Слушаем «Голос Америки», видимо, и «за бугор», как у нас любят говорить, попали те пленки: «„Память“ — фашистская организация, они выступают и против ЦК…»

«Московские новости» публикуют письмо итальянской учительницы. Была в Ленинграде на нескольких митингах «Памяти». В ее словах ужас: «Фашисты в стране, победившей фашизм».

И разговоры по телефону о том же… Застревают они в голове. И я поддаюсь панике…

Собираемся с Толей на кладбище в Востряково. Уже четвертый час. Торопимся. Выхожу во двор, открываю ворота, в руках ключи от машины — хочу ее прогреть. И тут же в ворота входят два парня, направляются ко мне. Сразу мысль: «Память». Стою как вкопанная, ноги не двигаются. Подходят. «Кто такие?» — спрашиваю сердито. «Мы — историки, — говорят, — хотели поговорить с Анатолием Наумовичем». — «Почему пришли без звонка?» — «Да мы не знаем вашего номера…» Смотрю на них: хорошие вроде лица, скорее всего, не врут. Толя слышит незнакомые голоса, выходит к нам. «К тебе», — говорю, закрываю ворота и иду с ними на террасу.

Называют себя: Дима Юрасов и Костя Харламов. У них к Рыбакову дело: предлагают принять участие в организации общества «Мемориал».

Рассказом об этих ребятах Рыбаков начал свою речь на конференции по созданию оргкомитета «Мемориала»: «Я их выслушал и спросил: „А кто у вас репрессирован?“ Оказалось, у них не репрессирован из близких никто. И в этот момент я понял, что они пришли ко мне не в силу расплаты, мести, а в силу высшего человеческого чувства — чувства поиска справедливости. И та селекция, которая производилась Сталиным в нашем обществе, уничтожавшая все нравственное, все чистое, все благородное, не удалась. Я понял, что дело, за которое мы все боремся, победит».
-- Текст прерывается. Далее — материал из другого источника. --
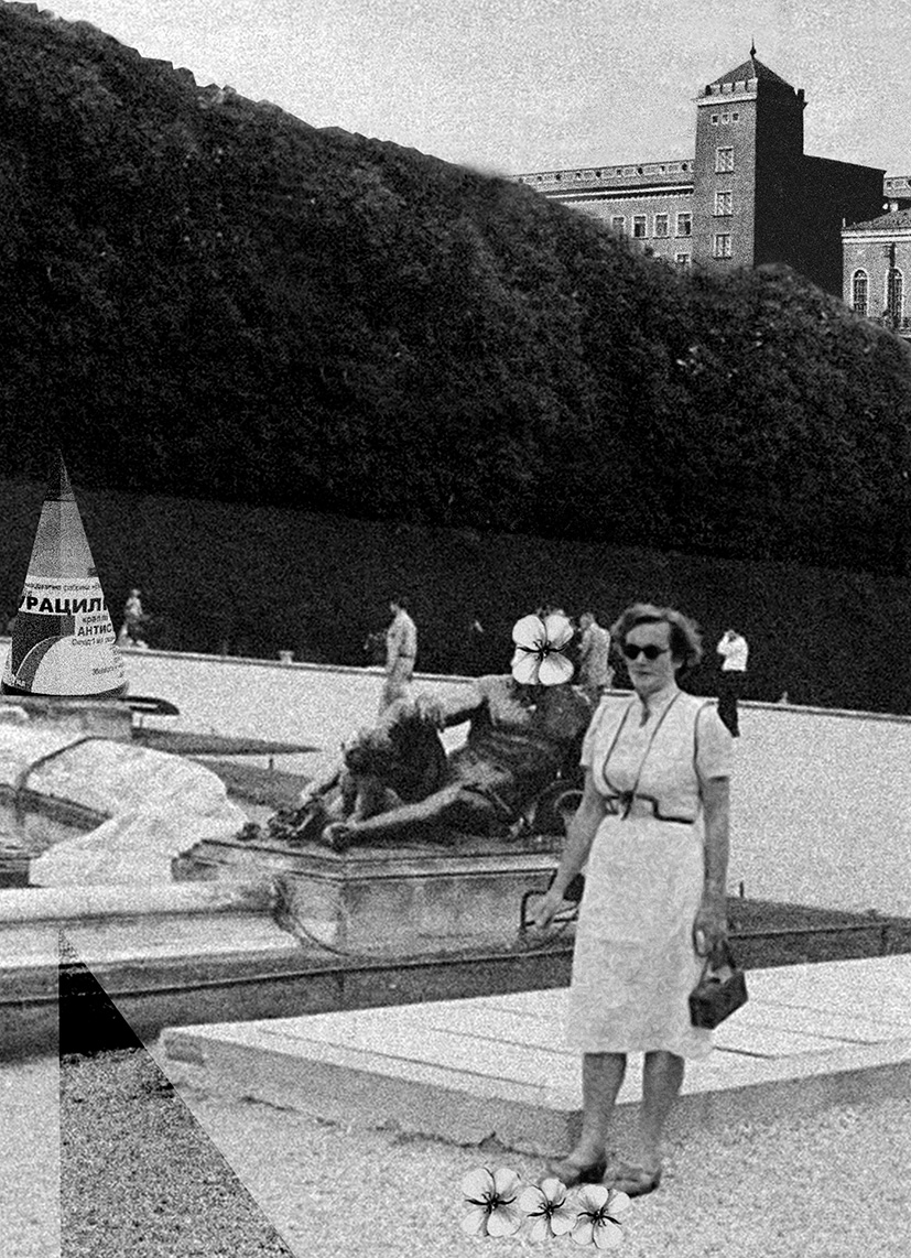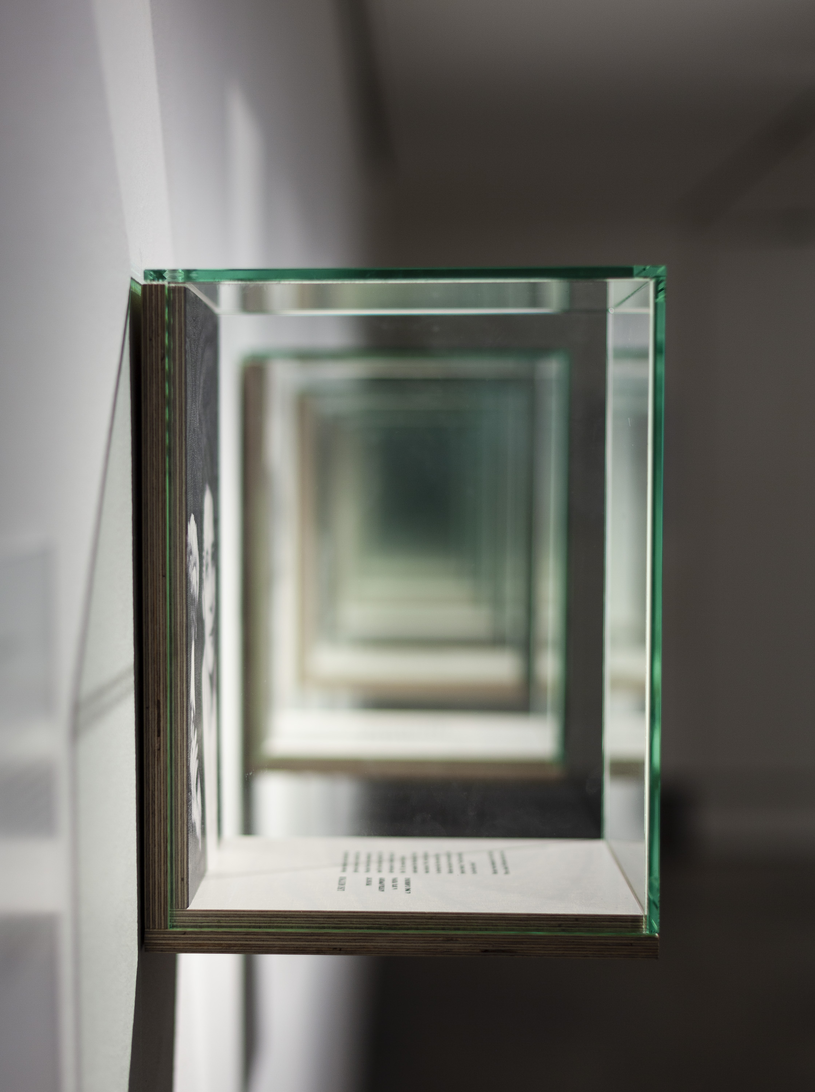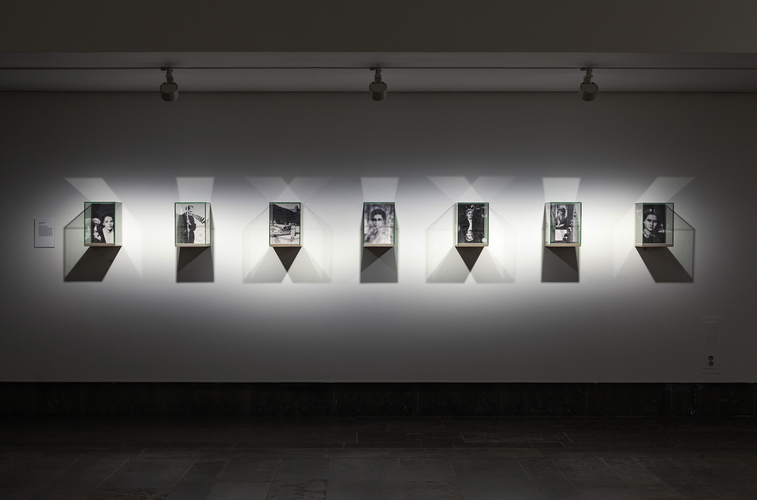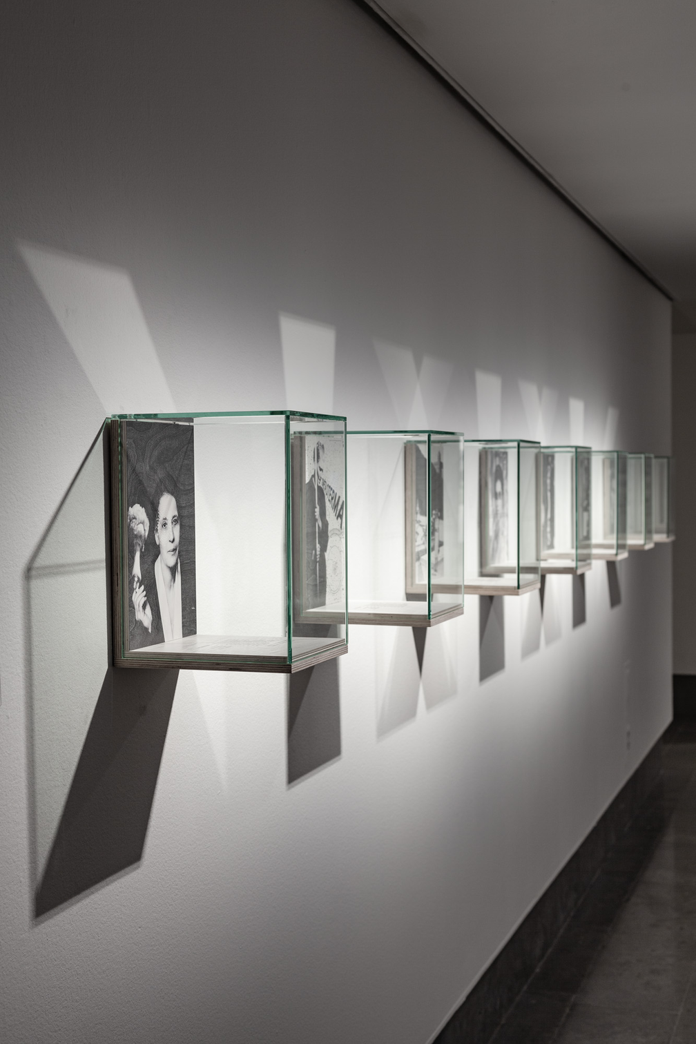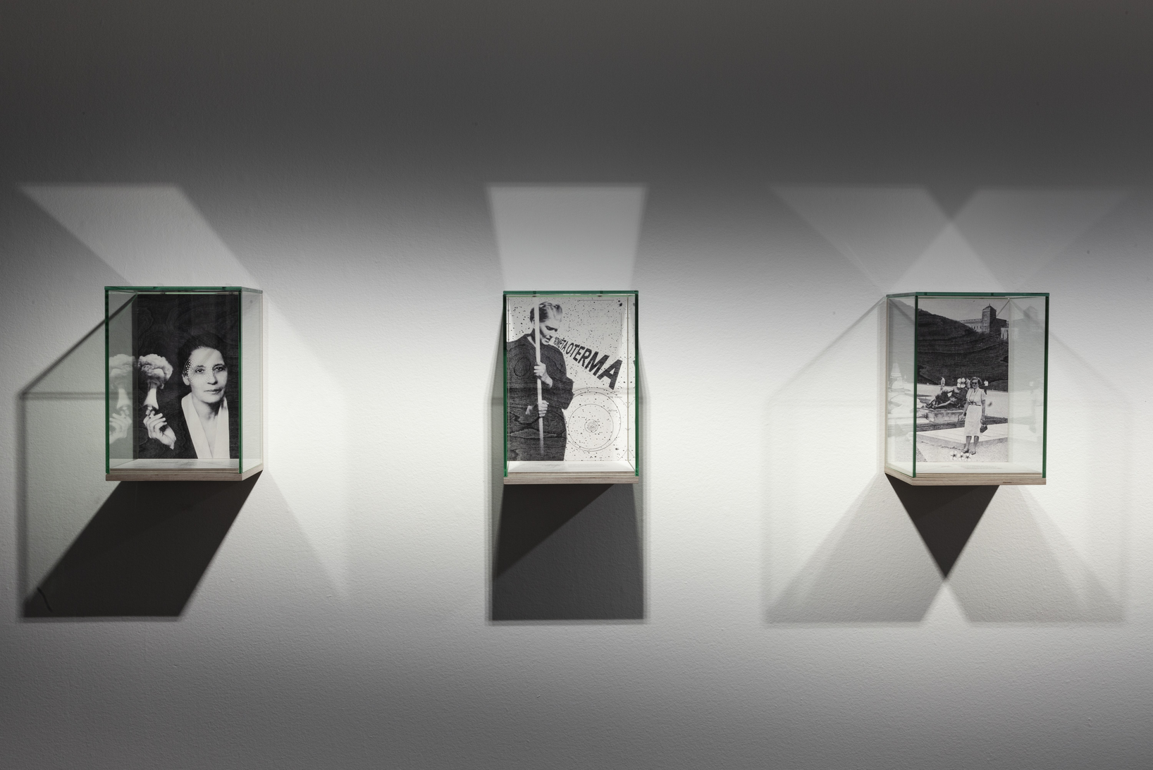 Format: Seven digital montages printed on birch plywood mounted in glass vitrines, each 21×29×22 cm.

Долго сидят, Толя их не торопит, интересны ему эти ребята. Юрасов рассказывает: интересоваться невинно погибшими начал в тринадцать лет. В его картотеке — 80 000 расстрелянных и посмертно реабилитированных. Устроился работать в закрытый архив. Оставался вечерами, составляя свои списки, пока его не поймали за руку и не уволили «за разглашение служебных материалов».